DCA Boards & Bureaus Covered
The Box folder ships one file per board / bureau. The actor's category-tagger maps each board to a high-level bucket so downstream stacks can group records without parsing names.
Health care
| Board / Bureau | Code | Examples of license types |
|---|---|---|
| Board of Pharmacy | PHA | Registered Pharmacist, Pharmacy Technician, Pharmacy, Wholesaler, Compounding facility |
| Board of Registered Nursing (BRN) | RN | Registered Nurse, Nurse Practitioner, CNS, CNM, CRNA, Public Health Nurse |
| Board of Vocational Nursing & Psychiatric Technicians (BVNPT) | LVN | Licensed Vocational Nurse, Psychiatric Technician |
| Medical Board of California (MBC) | MBC | Physician & Surgeon (MD), Podiatric Physician, Midwife, Polysomnographic Tech |
| Physician Assistant Board | PAB | Physician Assistant |
| Osteopathic Medical Board | OMB | Osteopathic Physician & Surgeon (DO) |
| Dental Board of California (DBC) | DBC | Dentist (DDS), Registered Dental Assistant, Oral & Maxillofacial Surgeon |
| Dental Hygiene Board | DHBC | Registered Dental Hygienist, RDH in Alternative Practice |
| State Board of Optometry | OPT | Optometrist, Spectacle Lens Dispenser |
| Board of Psychology | PSY | Licensed Psychologist, Registered Psychology Assistant |
| Veterinary Medical Board | VMB | Veterinarian, Registered Veterinary Technician, Veterinary Premises |
| Board of Chiropractic Examiners | CHIRO | Doctor of Chiropractic |
| Acupuncture Board | ACU | Licensed Acupuncturist |
| Naturopathic Medicine Committee | NMC | Naturopathic Doctor |
| Respiratory Care Board | RCB | Respiratory Care Practitioner |
| Occupational Therapy Board | OTB | Occupational Therapist, COTA |
| Physical Therapy Board | PTB | Physical Therapist, PTA |
| Board of Behavioral Sciences (BBS) | BBS | LMFT, LCSW, LPCC, LEP, plus their registered associates and trainees |
| Speech-Language Pathology Board | SLPAB | SLP, Audiologist, Hearing Aid Dispenser |
| Hearing Aid Dispensers Bureau | HAD | Hearing Aid Dispenser |
| Dietetics & Nutrition Board | DIET | Registered Dietitian (where state-credentialed) |
Building, engineering & design
| Board / Bureau | Code | Examples |
|---|---|---|
| Contractors State License Board (CSLB) | CSLB | Class A General Engineering, Class B General Building, Class C specialty contractors (electrical C-10, plumbing C-36, HVAC C-20, roofing C-39, etc.) |
| Board of Professional Engineers, Land Surveyors & Geologists (BPELSG) | BPELSG | Civil, Electrical, Mechanical, Structural, Fire Protection, Geotechnical engineers; Land Surveyors; Geologists; Geophysicists |
| California Architects Board | CAB | Licensed Architect |
| Landscape Architects Technical Committee | LATC | Licensed Landscape Architect |
Business & finance
| Board / Bureau | Code | Examples |
|---|---|---|
| California Board of Accountancy (CBA) | CBA | Certified Public Accountant (individual & firm) |
| Cemetery & Funeral Bureau | CFB | Cemetery brokers, funeral directors, embalmers, crematories |
Personal care
| Board / Bureau | Code | Examples |
|---|---|---|
| Board of Barbering & Cosmetology (BBC) | BBC | Cosmetologist, Barber, Esthetician, Manicurist, Electrologist, Establishment |
Legal & specialty
| Board / Bureau | Code | Examples |
|---|---|---|
| Court Reporters Board | CRB | Certified Shorthand Reporter |
| State Athletic Commission | SAC | Boxers, MMA fighters, promoters, matchmakers, seconds |
| Guide Dogs for the Blind Board | GDB | Guide dog trainers, schools |
The exact set of files in the Box folder shifts month to month as DCA reorganises its bureaus.

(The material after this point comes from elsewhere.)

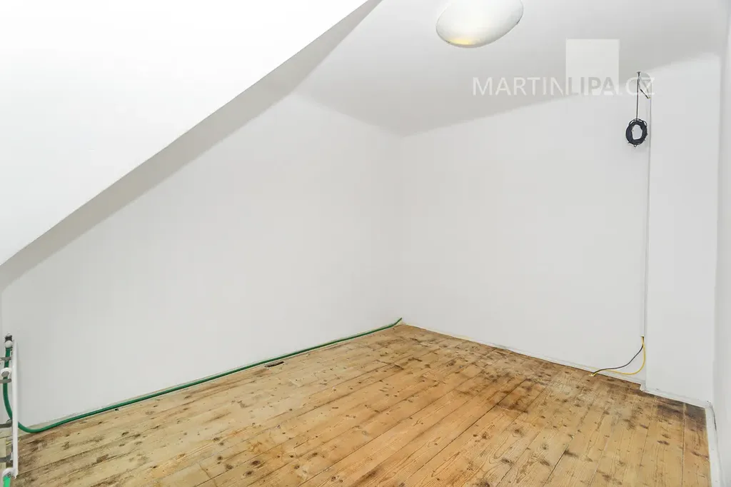 Strašnice. Klidná vilová čtvrť, pár kroků od centra Prahy a přesto úplně jiný svět. Ve Vykáňské ulici stojí dům se třemi bytovými jednotkami a v jeho nejvyšším, tedy druhém patře se právě prodává částečně podkrovní byt o dispozici 2+1 a velikosti 58,4 m².
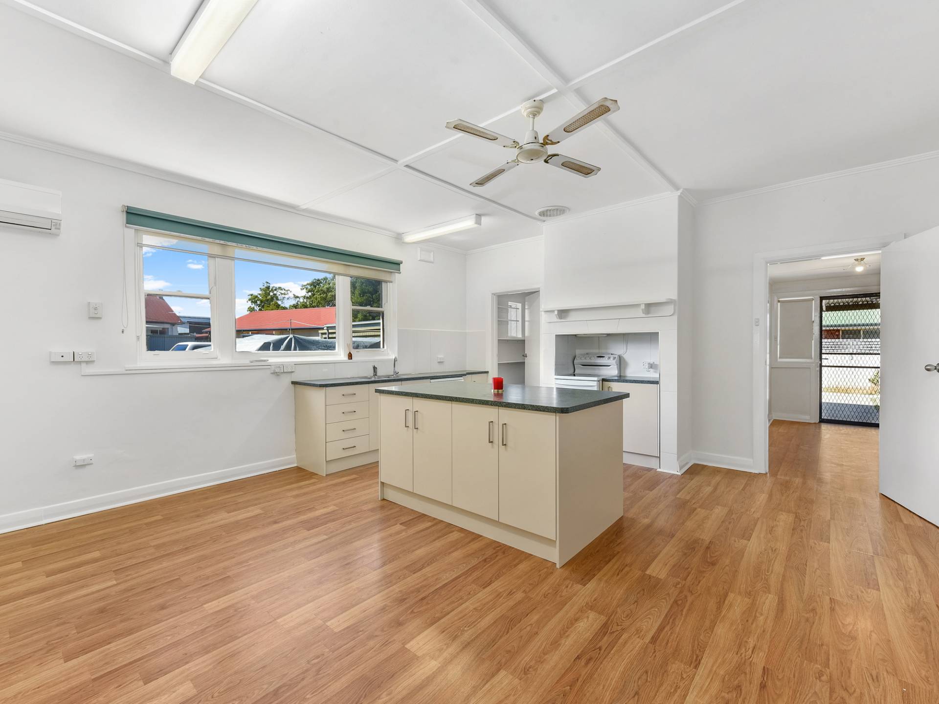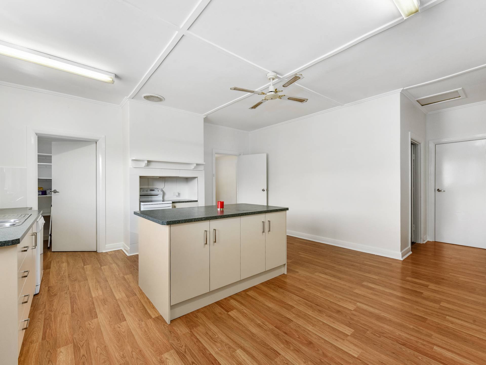 The open plan kitchen and dining area offers an abundance of space and natural light through the north facing windows. The kitchen features a large island bench, dishwasher and walk-in butlers pantry and reverse cycle A/C. Off this area you’ll find the main bathroom.

The actor always reflects whatever DCA currently publishes.
Use Cases
Healthcare staffing, locum tenens & travel nursing
California is the largest healthcare labour market in the United States. Travel nursing, locum physician, locum pharmacist and allied-health agencies use this dataset to:
- Verify a candidate's CA license before sending a credentialing packet to a hospital system or PBM.
- Source candidates by metro — every active RN in Los Angeles, every active RPh in San Francisco, every active LMFT in San Diego.
- Refresh expiration dates monthly so credentials never lapse mid-assignment and JCAHO / DNV audits stay clean.
- Filter out cancelled and expired licensees automatically with
licenseStatus: "current". - Cross-board match — find professionals dual-licensed as RN + LMFT or RPh + PharmD for high-tier assignments.
Compliance, credentialing & primary-source verification (PSV)
Hospital systems, PBMs, MSOs, telehealth platforms and Medicaid managed-care plans use bulk DCA data to:
- Automate monthly PSV for every CA-licensed prescriber, dispenser or therapist on payroll.
- Catch status changes (
current→delinquent/cancelled) within the monthly refresh window. - Maintain audit-ready logs with the
scrapedAttimestamp on every record. - Replace expensive per-lookup verification subscriptions that bill per query.
- Document due diligence for The Joint Commission, URAC, NCQA, DMHC and DEA inspector audits.
- Detect dual practice — a pharmacist also showing up as a CSLB contractor is a red flag worth a closer look.
B2B sales & California-focused lead generation
Pharma reps, medical-device vendors, EHR / EMR companies, pharmacy management software, contractor SaaS, accounting tooling and PoS providers use the dataset to:
- Build city- or county-targeted CA lead lists filtered by board, license type or facility size.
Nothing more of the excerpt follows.